▸ TASK BRIEF
Output exactly, and only, the lines below from the one with "Falcon 90cm Classic" down to the one with "URGENTLY REQUIRED FOR". Include both end lines and no pictures.

--------------------------------------------------

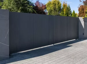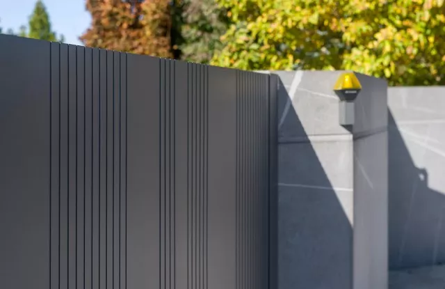 Das Tor und das moderne Doppelflügeltor wurden auf Basis des Pure Individual-Systems hergestellt. Ihre Rahmen sind mit glattem Aluminiumblech mit gefrästen Details gefüllt und in Anthrazit lackiert. Das Design der vertikalen Linien verleiht den Elementen einen einzigartigen Charakter und ist eine optische Referenz zu den Arete Vertico-Profilen. Die Frästechnik bietet enorme Möglichkeiten, da sie die Herstellung einzigartiger Zäune mit beliebigen Mustern und Aufschriften ermöglicht.
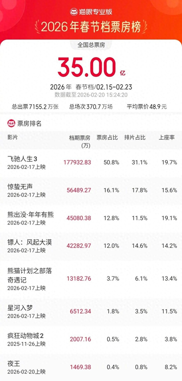 业内直言:最终票房保底40亿+,春节档冠军提前锁死,其他影片连追的资格都没有!
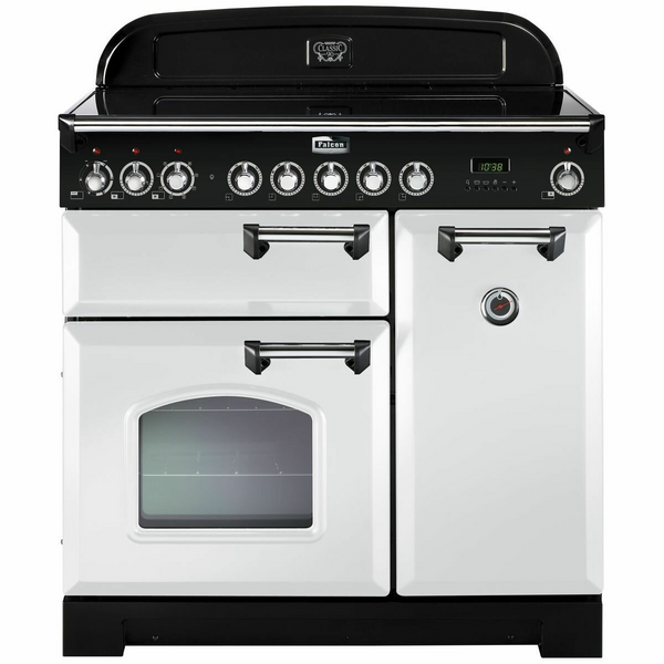 Falcon 90cm Classic Deluxe Freestanding Induction Oven/Stove White and Chrome CDL90EIWHCH
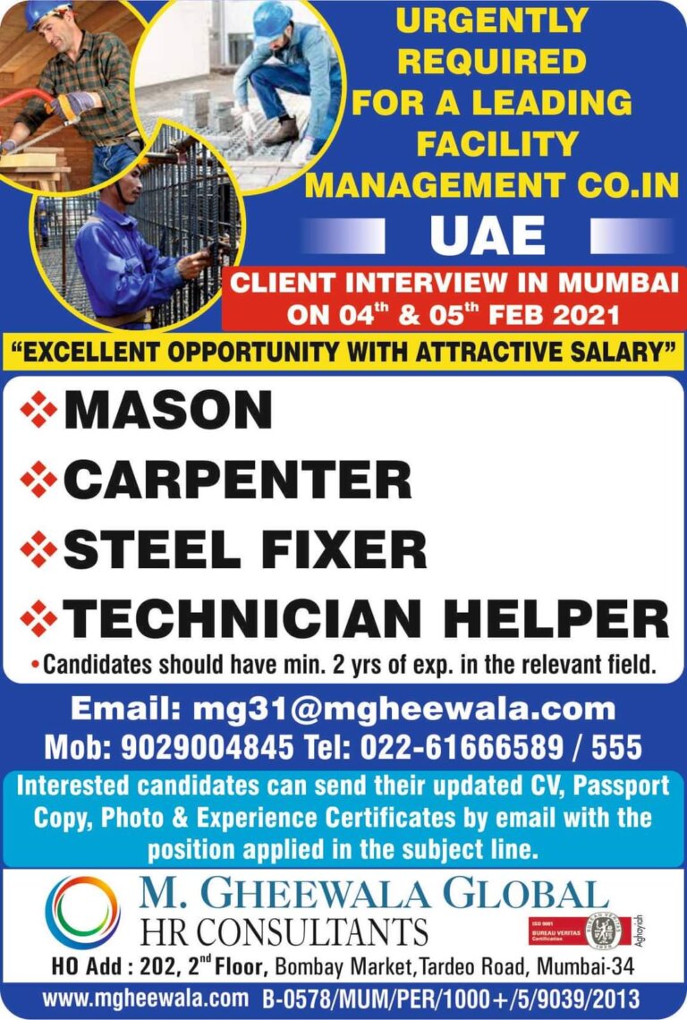 URGENTLY REQUIRED FOR A LEADINGFACILITY MANAGEMENT CO.IN UAECLIENT INTERVIEW IN MUMBAION 04th & 05th FEB 2021“EXCELLENT OPPORTUNITY WITH ATTRACTIVE SALARY”MASONCARPENTERSTEEL …
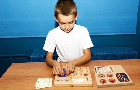 В игровой форме прорабатывается сложение и вычитание, формируется логическое мышление. На карточках с игровыми заданиями проставлены некоторые числа, которые определяют сумму чисел, расположенных на соответствующей горизонтали, вертикали или диагонали. Эту сумму надо получить, помещая в углубления деревянного игрового поля шарики с красными единичками и синими пятерками.

--------------------------------------------------

▸ RESULT FOR THIS TASK
 Falcon 90cm Classic Deluxe Freestanding Induction Oven/Stove White and Chrome CDL90EIWHCH
 URGENTLY REQUIRED FOR A LEADINGFACILITY MANAGEMENT CO.IN UAECLIENT INTERVIEW IN MUMBAION 04th & 05th FEB 2021“EXCELLENT OPPORTUNITY WITH ATTRACTIVE SALARY”MASONCARPENTERSTEEL …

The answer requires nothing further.